Medicaid is particularly important in this area. A 2014 study by Truven Health Analytics researchers found that Medicaid paid for about 25 percent — $7.9 billion of $31.3 billion — of projected public and private spending for addiction treatment in 2014. That made it the second-biggest payer of addiction treatment after all local and state government programs.

Yet not only would Trump’s budget plan end the Obamacare-funded Medicaid expansion, it would also make additional cuts to Medicaid.

This could worsen a problem that some experts see in the response to today’s drug overdose crisis. “What we need to be doing is not just thinking about today’s opioid epidemic, which is critically important, but how we build a sustainable system to address substance use disorders writ large,” LaBelle said. “I’m afraid that if we don’t build some sort of sustainable system for states, we will not have addressed this issue in the long term.”

It’s possible to imagine, for example, a world in which $13 billion funds a bunch of new addiction treatment clinics. But after fiscal year 2019, maybe the opioid crisis has waned or even ended, so Congress decides not to extend that funding.

That might not be a huge deal in a world where people have health insurance through Obamacare or Medicaid that will pay for addiction treatment because those people — and their insurance — will provide a steady source of revenue for those clinics to remain open. In this scenario, the $13 billion offered is enough to start a clinic, while Obamacare and Medicaid provide more sustained funding over time.
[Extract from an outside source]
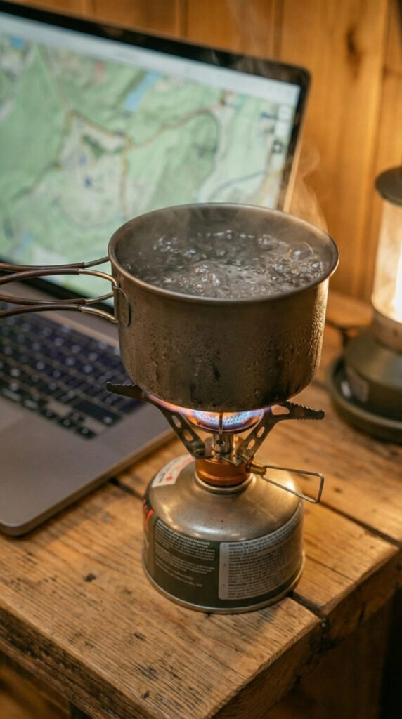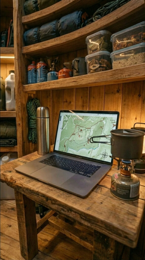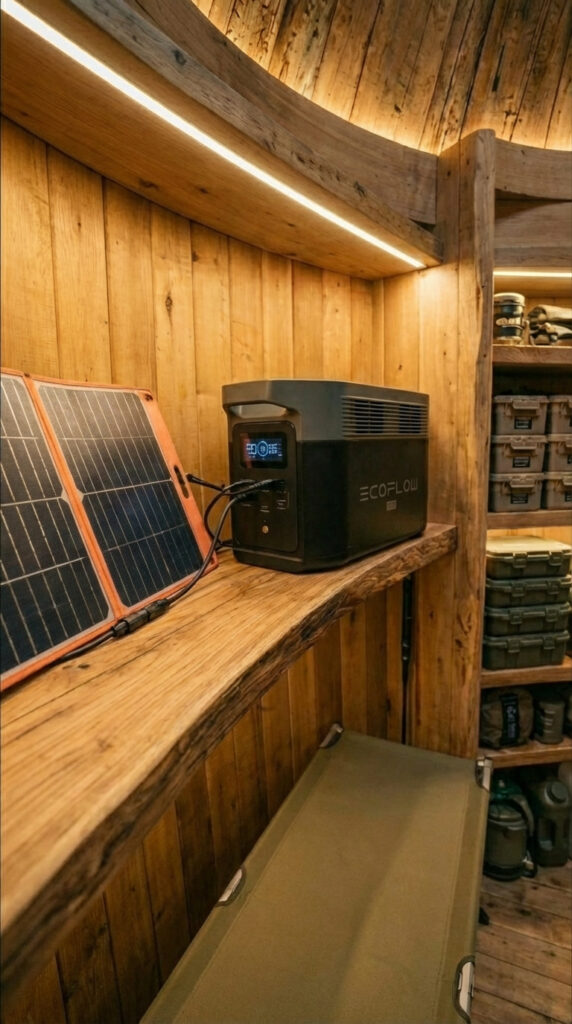 On one side, I keep my small work corner. A simple wooden desk, my laptop open with offline maps and notes, and a compact gas stove for tea or quick meals. Power comes from an EcoFlow battery station mounted on a solid shelf above the sleeping cot. It’s connected to a foldable solar panel outside, so during the day the system quietly charges itself. Even at night, I have enough energy for lighting, the laptop, communication devices, and basic electronics without worrying about running out.

But if Obamacare and Medicaid are cut, then suddenly it’s less likely that someone will have the insurance to pay for addiction treatment — and those clinics could be flatly out of revenue after the budget’s new funds expire.

This isn’t strictly theoretical. Vermont, for example, built a “hub and spoke” system that treats addiction as a public health issue and integrates treatment into the rest of health care. Perhaps as a result, the state was the only one in New England to have an overdose death rate that wasn’t significantly above the national average in 2016. (For more, check out my in-depth breakdown of Vermont’s system.)

But Vermont has managed to maintain this new system in large part with federal dollars, particularly through Obamacare’s insurance expansion and a special Medicaid waiver that states can obtain through the health care law. It’s that kind of federal support that budget-strained states need to sustain a full response to the opioid crisis — and it’s the kind of longer-term support that Trump’s budget, if enacted, would rip away by repealing Obamacare and cutting Medicaid.

That would make it much more difficult for states like Vermont to keep their addiction treatment systems. The end result: States would end up more vulnerable not just to the current overdose crisis but the next one as well.